┏━━

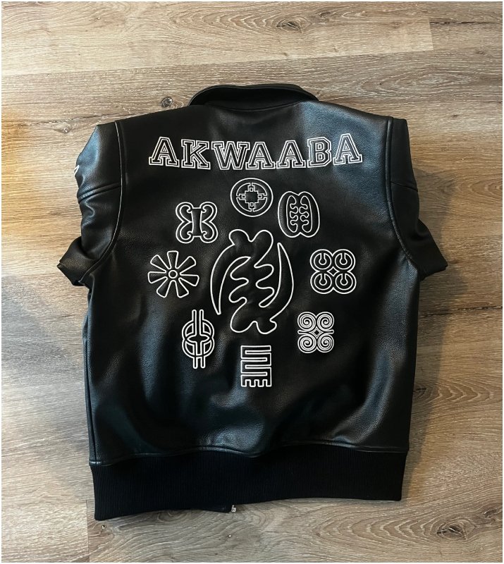 The black vegan leather jacket features “Akwaaba” — the Akan word for “welcome” — embroidered across the back in large lettering. Just beneath it sits a prominent Gye Nyame symbol, one of Ghana’s most recognizable Adinkra symbols, representing the supremacy of God. The front and sleeves are detailed with multiple Adinkra motifs, carefully stitched using raised, three-dimensional embroidery that gives the design both texture and depth.
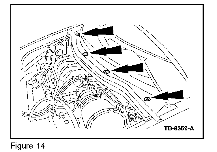 14. Remove and discard the two rubber plugs on the bottom of the cowl sheet metal. (Figure 11)
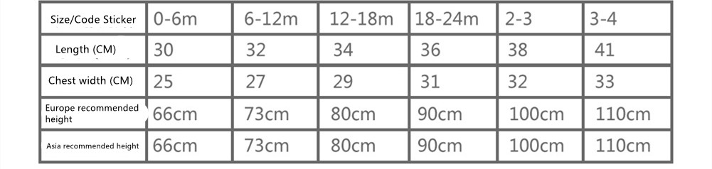 size:Suitable height: 0-6m, 6-12m, 12-18m, 18-24m, 2-3, 3-4
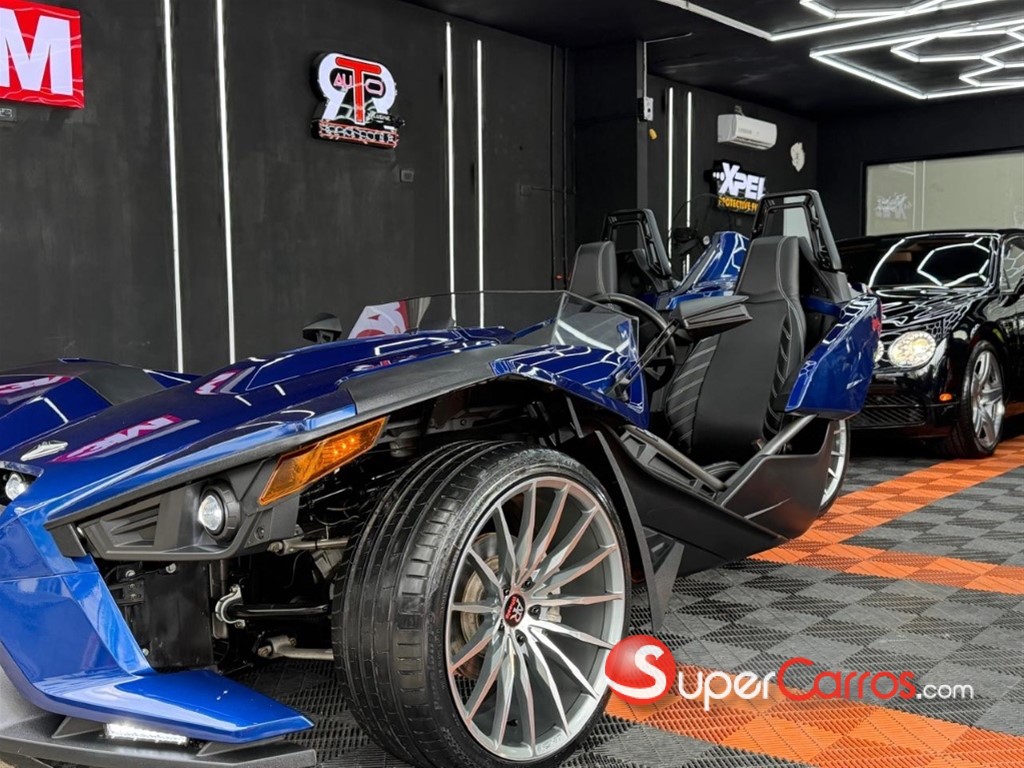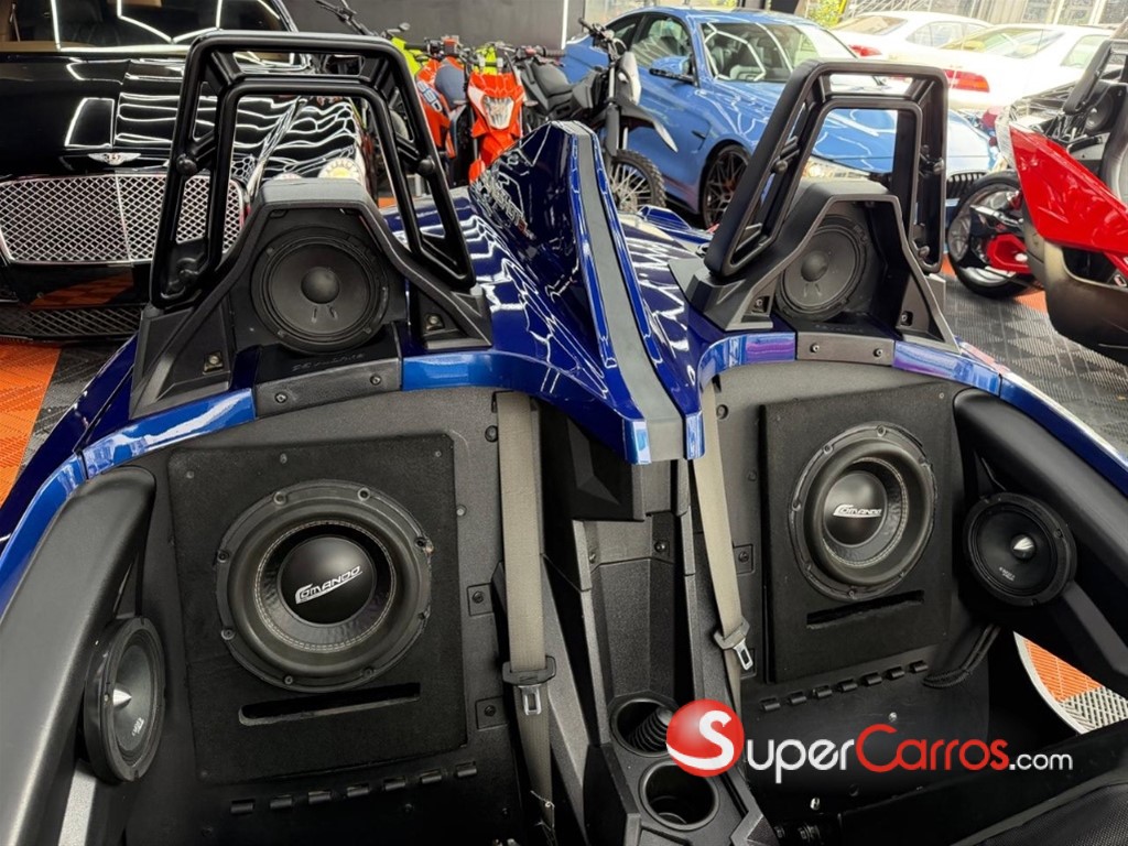 POLARIS SLINGSHOT SL - EDICIÓN ESPECIAL ¡Vive la experiencia de conducción más pura y llamativa! Se vende impecable Polaris Slingshot SL, una unidad configurada para los amantes del detalle, el buen sonido y el estilo agresivo. Este "autocycle" combina la libertad de una moto con la comodidad y estabilidad de un deportivo. DETALLES PRINCIPALES: • Modelo: Slingshot SL. • Color: Azul Eléctrico Profundo (Deep Blue) con acabados en negro mate. • Transmisión: Manual (para un control total de la potencia). • Condición: Impecable, mantenimiento al día y cuidado bajo techo en showroom. EQUIPAMIENTO DESTACADO: • Sistema de Audio Custom: Configuración masiva de sonido profesional con bocinas y subwoofers Commando, integrados estéticamente detrás de los asientos y en los laterales. ¡Calidad de audio cristalina incluso a altas velocidades! • Iluminación LED: Faros delanteros de alta intensidad y firma lumínica trasera LED completa. • Interior Premium: Asientos deportivos resistentes al clima con costuras decorativas, pantalla de infoentretenimiento central táctil y cámara de reversa. • Ruedas de Lujo: Aros de aleación de gran diámetro con diseño multirradio en acabado plata satinada, calzados con gomas de perfil bajo en excelente estado. • Personalización: Volante deportivo con logo Slingshot, espejos angulares deportivos y deflectores de viento. RENDIMIENTO Y EXPERIENCIA: • Motor de alto rendimiento con una relación peso-potencia excepcional. • Tracción trasera por correa reforzada. • Frenos de disco ventilados en todas las ruedas. Este Slingshot no es solo un vehículo, es una declaración de estilo. Ideal para paseos de fin de semana o como pieza de exhibición.

┗━━

▶ **ACTIVITY**
Copy out each line of the data exactly as it reads; skip the pictures.

▶ **TASK RESPONSE**
 The black vegan leather jacket features “Akwaaba” — the Akan word for “welcome” — embroidered across the back in large lettering. Just beneath it sits a prominent Gye Nyame symbol, one of Ghana’s most recognizable Adinkra symbols, representing the supremacy of God. The front and sleeves are detailed with multiple Adinkra motifs, carefully stitched using raised, three-dimensional embroidery that gives the design both texture and depth.
 14. Remove and discard the two rubber plugs on the bottom of the cowl sheet metal. (Figure 11)
 size:Suitable height: 0-6m, 6-12m, 12-18m, 18-24m, 2-3, 3-4
 POLARIS SLINGSHOT SL - EDICIÓN ESPECIAL ¡Vive la experiencia de conducción más pura y llamativa! Se vende impecable Polaris Slingshot SL, una unidad configurada para los amantes del detalle, el buen sonido y el estilo agresivo. Este "autocycle" combina la libertad de una moto con la comodidad y estabilidad de un deportivo. DETALLES PRINCIPALES: • Modelo: Slingshot SL. • Color: Azul Eléctrico Profundo (Deep Blue) con acabados en negro mate. • Transmisión: Manual (para un control total de la potencia). • Condición: Impecable, mantenimiento al día y cuidado bajo techo en showroom. EQUIPAMIENTO DESTACADO: • Sistema de Audio Custom: Configuración masiva de sonido profesional con bocinas y subwoofers Commando, integrados estéticamente detrás de los asientos y en los laterales. ¡Calidad de audio cristalina incluso a altas velocidades! • Iluminación LED: Faros delanteros de alta intensidad y firma lumínica trasera LED completa. • Interior Premium: Asientos deportivos resistentes al clima con costuras decorativas, pantalla de infoentretenimiento central táctil y cámara de reversa. • Ruedas de Lujo: Aros de aleación de gran diámetro con diseño multirradio en acabado plata satinada, calzados con gomas de perfil bajo en excelente estado. • Personalización: Volante deportivo con logo Slingshot, espejos angulares deportivos y deflectores de viento. RENDIMIENTO Y EXPERIENCIA: • Motor de alto rendimiento con una relación peso-potencia excepcional. • Tracción trasera por correa reforzada. • Frenos de disco ventilados en todas las ruedas. Este Slingshot no es solo un vehículo, es una declaración de estilo. Ideal para paseos de fin de semana o como pieza de exhibición.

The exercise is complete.